Of the 311 treatment sites, 86 (27.7%) were radiosensitive histologies, 116 (37.3%) had intermediate radiosensitivity, and 109 (35.0%) were radioresistant histologies. Patients with Bilsky grade 1 compression were significantly more likely to have tumors with intermediate (44.3% 29.2%) or resistant (40.7% vs. 28.5%; P<.0001) radiation sensitivity compared to those with Bilsky grade 0 compression (Table III).
Infield progression
Patients with Bilsky grade 1 were more frequently treated with surgical intervention followed by SBRT, rather than SBRT alone, compared to those with Bilsky grade 0 (21.0% vs. 6.3%, P=.0002). Patients with Bilsky grade 0 and grade 1 compression (51.4±8.7 vs. 53.6±10.6; P=.05; see Table III) received similar BEDs. Local control rates for patients with Bilsky grade 0 compression were 92.0% at 12 months and 85.8% at 24 months, whereas for patients with Bilsky grade 1 compression, the rates were 86.0% at 12 months and 77.6% at 24 months. Infield progression between patients presenting with a Bilsky grade 0 and 1 compression was not statistically different (Fig. 1A). A stratified log rank analysis showed that no significant difference between infield progression between Bilsky grade 0 and 1 compression when accounting for the different levels of sensitivity to radiation (P=0.22). We performed a sensitivity analysis to determine if radiosensitivity of the tumor impacted local control; no significant difference between infield progression when comparing radiosensitive and radioresistant histologies (Fig. 1B and D) resulted. However, patients with intermediate radioresistant histologies and Bilsky grade 0 compression had significantly better local control compared to patients with Bilsky grade 1 compression (Fig. 1C).
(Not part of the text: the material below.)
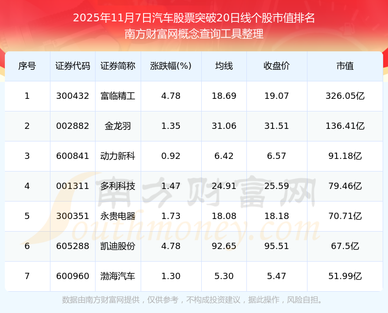 根據(jù)南方財富網(wǎng)概念查詢工具數(shù)據(jù)統(tǒng)計,截止2025年11月7日收盤,汽車股票共有7只個股收盤價向上突破了20日線。其中市值較大的個股有富臨精工、金龍羽、動力新科等,市值分別為326.05億、136.41億、91.18億。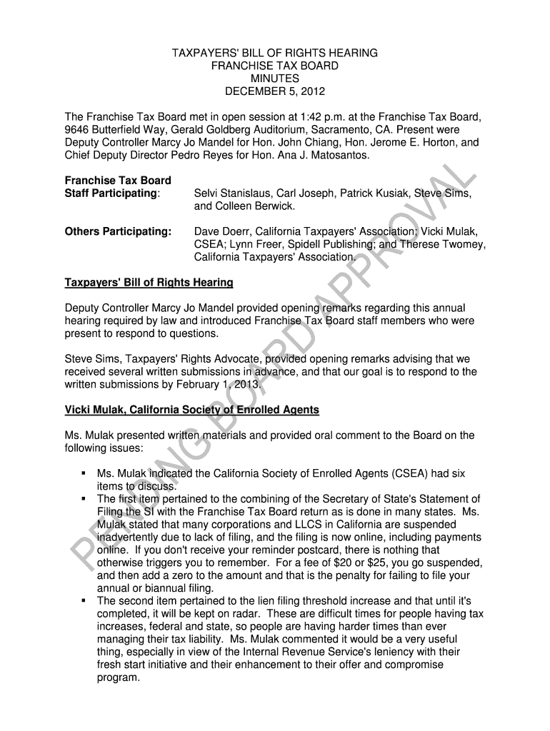 Get the free TAXPAYERS' BILL OF RIGHTS HEARING - ftb ca

We performed an in-depth analysis of the specific histologies that were within the intermediate radioresistant group with infield progression (Table IV) and found a trend towards more patients with non-small cell lung cancer who had infield progression compared to no infield progression (53.3% vs. 34.7%; P=.16). However, this was not statistically significant.
Survival
Patients with Bilsky grade 0 compression had significantly longer survival compared to patients with Bilsky grade 1 compression (P=.006; Fig. 2A), likely driven by the larger proportion of patients with metastatic breast and prostate cancer in the Bilsky grade 0 group (Table III). Patients with Bilsky grade 0 compression had 66.6% survival at 12 months and 48.4% survival at 24 months; patients with Bilsky grade 1 compression had 53.4% survival at 12 months and 34.1% survival at 24 months. We performed a sensitivity analysis to determine if radiosensitivity of the tumor impacted survival and found no significant difference between survival in radiosensitive and radioresistant tumors (Fig. 2B and D). However, patients who had tumors with an intermediate radioresistance and Bilsky grade 0 compression had significantly better survival compared to patients with Bilsky grade 1 compression (Fig. 2C).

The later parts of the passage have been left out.